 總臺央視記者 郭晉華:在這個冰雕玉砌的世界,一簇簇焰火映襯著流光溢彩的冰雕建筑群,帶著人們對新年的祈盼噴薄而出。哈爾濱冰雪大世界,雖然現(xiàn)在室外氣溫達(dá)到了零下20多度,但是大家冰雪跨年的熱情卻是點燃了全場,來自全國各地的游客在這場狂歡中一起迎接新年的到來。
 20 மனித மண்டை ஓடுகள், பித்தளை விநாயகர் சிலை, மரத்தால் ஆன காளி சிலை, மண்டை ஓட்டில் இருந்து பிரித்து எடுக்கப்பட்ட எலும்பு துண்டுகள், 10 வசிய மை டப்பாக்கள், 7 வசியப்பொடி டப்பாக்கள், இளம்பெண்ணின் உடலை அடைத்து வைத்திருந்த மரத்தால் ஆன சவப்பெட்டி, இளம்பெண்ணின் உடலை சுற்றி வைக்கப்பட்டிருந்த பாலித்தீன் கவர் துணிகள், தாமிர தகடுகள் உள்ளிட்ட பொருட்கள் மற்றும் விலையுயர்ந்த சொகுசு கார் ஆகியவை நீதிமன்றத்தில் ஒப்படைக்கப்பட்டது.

...

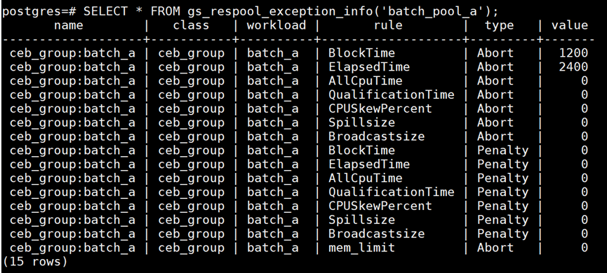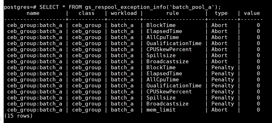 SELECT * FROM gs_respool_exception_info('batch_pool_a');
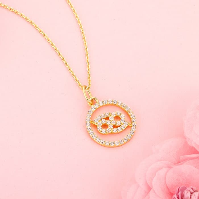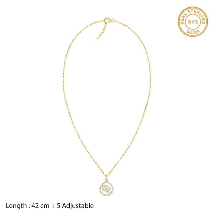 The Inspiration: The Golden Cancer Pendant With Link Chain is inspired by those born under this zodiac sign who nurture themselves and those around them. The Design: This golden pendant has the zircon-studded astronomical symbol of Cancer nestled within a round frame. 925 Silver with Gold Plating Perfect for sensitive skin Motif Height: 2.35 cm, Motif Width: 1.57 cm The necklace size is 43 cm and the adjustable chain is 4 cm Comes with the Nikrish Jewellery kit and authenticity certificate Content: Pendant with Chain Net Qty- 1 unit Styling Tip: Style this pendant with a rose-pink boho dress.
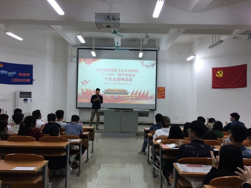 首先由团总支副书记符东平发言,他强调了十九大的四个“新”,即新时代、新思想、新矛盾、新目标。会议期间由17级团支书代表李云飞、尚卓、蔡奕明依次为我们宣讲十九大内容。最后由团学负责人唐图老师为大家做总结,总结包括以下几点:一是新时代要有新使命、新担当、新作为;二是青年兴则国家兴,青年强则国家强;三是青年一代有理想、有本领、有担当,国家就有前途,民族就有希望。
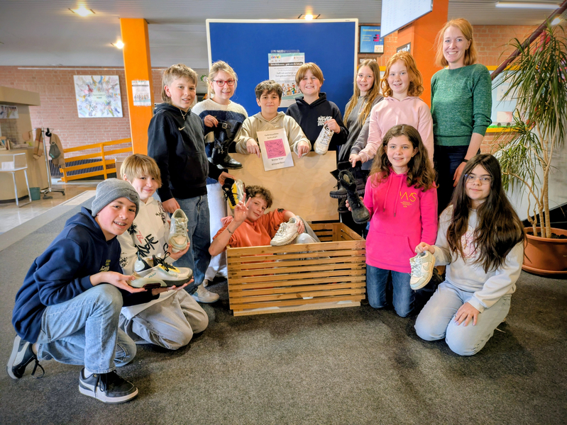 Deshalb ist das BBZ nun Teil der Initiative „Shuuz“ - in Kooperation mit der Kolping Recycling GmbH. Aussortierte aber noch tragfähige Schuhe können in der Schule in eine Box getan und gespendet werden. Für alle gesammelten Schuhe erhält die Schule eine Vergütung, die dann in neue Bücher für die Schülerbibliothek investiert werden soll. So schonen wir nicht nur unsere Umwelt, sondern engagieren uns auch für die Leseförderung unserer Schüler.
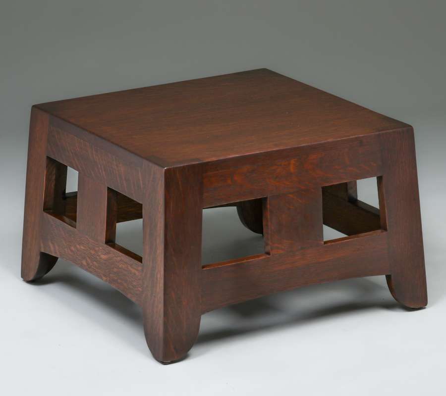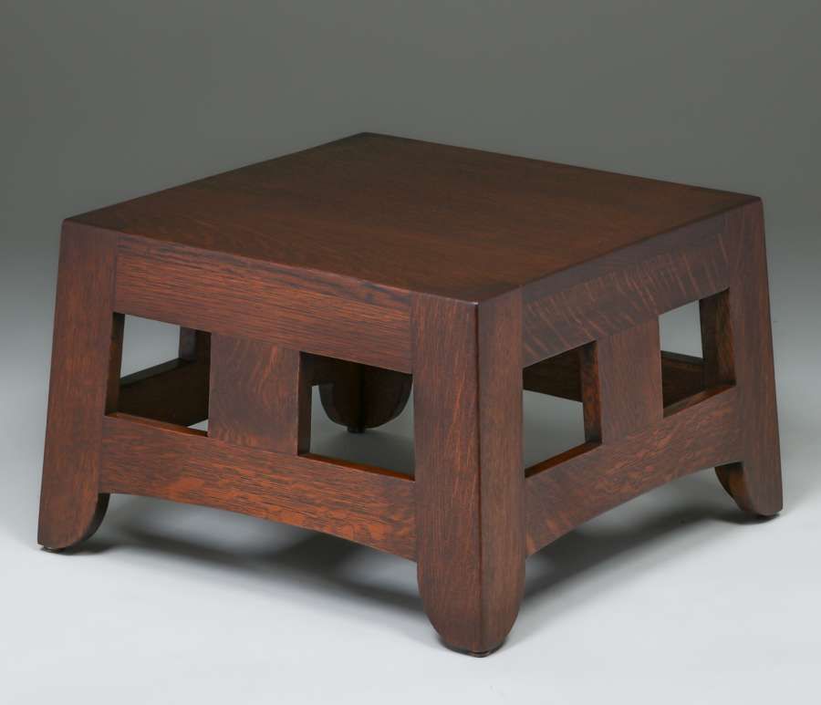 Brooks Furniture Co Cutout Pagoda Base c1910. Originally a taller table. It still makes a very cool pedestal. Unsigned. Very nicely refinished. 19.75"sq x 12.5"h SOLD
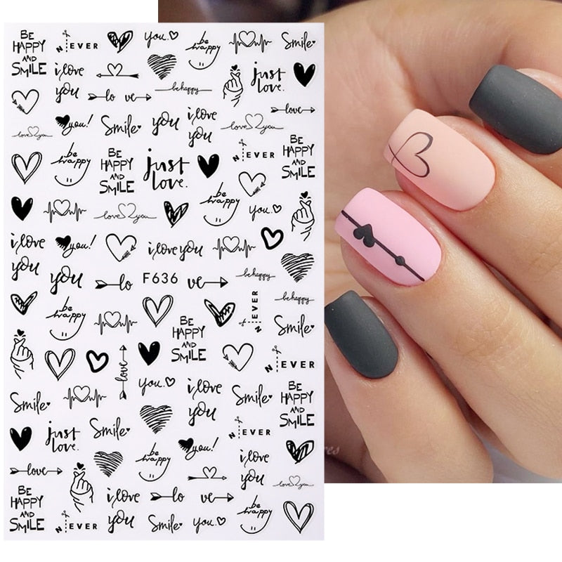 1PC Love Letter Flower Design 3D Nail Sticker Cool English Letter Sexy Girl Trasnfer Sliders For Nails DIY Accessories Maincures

— TASK STATEMENT —
Pictures in the entries do not go into the copy. Print only the lines starting at the one containing "Brooks Furniture Co" and ending at the one containing "1PC Love Letter", exactly as they appear.

— YOUR RESPONSE —
 Brooks Furniture Co Cutout Pagoda Base c1910. Originally a taller table. It still makes a very cool pedestal. Unsigned. Very nicely refinished. 19.75"sq x 12.5"h SOLD
 1PC Love Letter Flower Design 3D Nail Sticker Cool English Letter Sexy Girl Trasnfer Sliders For Nails DIY Accessories Maincures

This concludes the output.